● Working data:
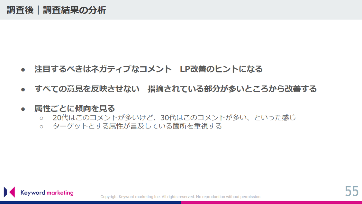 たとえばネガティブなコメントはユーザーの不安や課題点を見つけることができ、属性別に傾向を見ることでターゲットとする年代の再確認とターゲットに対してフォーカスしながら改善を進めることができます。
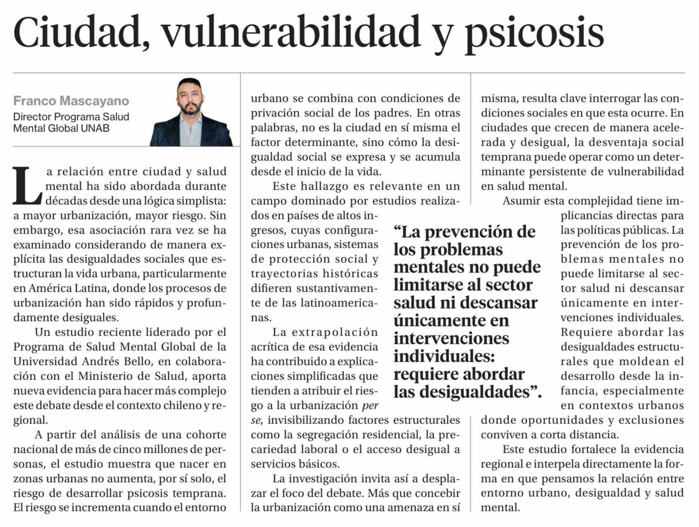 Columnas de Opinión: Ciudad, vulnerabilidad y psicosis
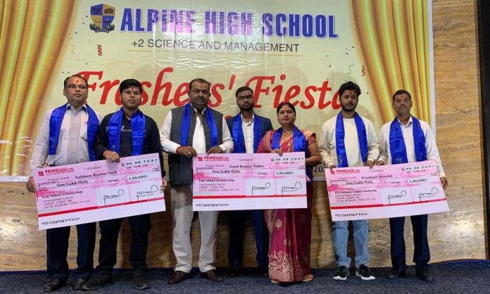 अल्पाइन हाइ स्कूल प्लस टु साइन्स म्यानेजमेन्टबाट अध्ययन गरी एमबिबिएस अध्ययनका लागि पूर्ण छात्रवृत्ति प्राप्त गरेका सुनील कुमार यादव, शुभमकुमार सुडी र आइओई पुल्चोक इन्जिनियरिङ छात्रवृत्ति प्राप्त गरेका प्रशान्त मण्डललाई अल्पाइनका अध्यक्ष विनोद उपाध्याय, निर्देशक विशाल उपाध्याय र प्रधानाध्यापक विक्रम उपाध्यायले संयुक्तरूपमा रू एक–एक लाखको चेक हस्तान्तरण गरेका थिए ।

...

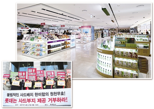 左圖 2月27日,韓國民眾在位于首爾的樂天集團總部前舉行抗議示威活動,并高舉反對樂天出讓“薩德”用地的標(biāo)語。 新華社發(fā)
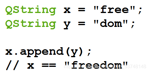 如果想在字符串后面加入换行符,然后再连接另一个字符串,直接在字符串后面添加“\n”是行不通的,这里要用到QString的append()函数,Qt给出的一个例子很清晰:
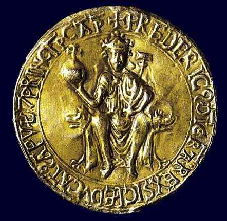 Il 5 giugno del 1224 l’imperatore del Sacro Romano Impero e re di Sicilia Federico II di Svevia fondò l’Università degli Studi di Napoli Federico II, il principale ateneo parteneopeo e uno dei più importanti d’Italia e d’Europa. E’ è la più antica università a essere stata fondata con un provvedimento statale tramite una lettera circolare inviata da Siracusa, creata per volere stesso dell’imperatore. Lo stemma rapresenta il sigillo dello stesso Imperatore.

● Task item:
Repeat, word for word, the lines of the material above from the one holding "たとえばネガティブなコメント" through the one holding "Columnas de Opinión: Ciudad, vulnerabilidad". Leave out pictures.

● Task solution:
 たとえばネガティブなコメントはユーザーの不安や課題点を見つけることができ、属性別に傾向を見ることでターゲットとする年代の再確認とターゲットに対してフォーカスしながら改善を進めることができます。
 Columnas de Opinión: Ciudad, vulnerabilidad y psicosis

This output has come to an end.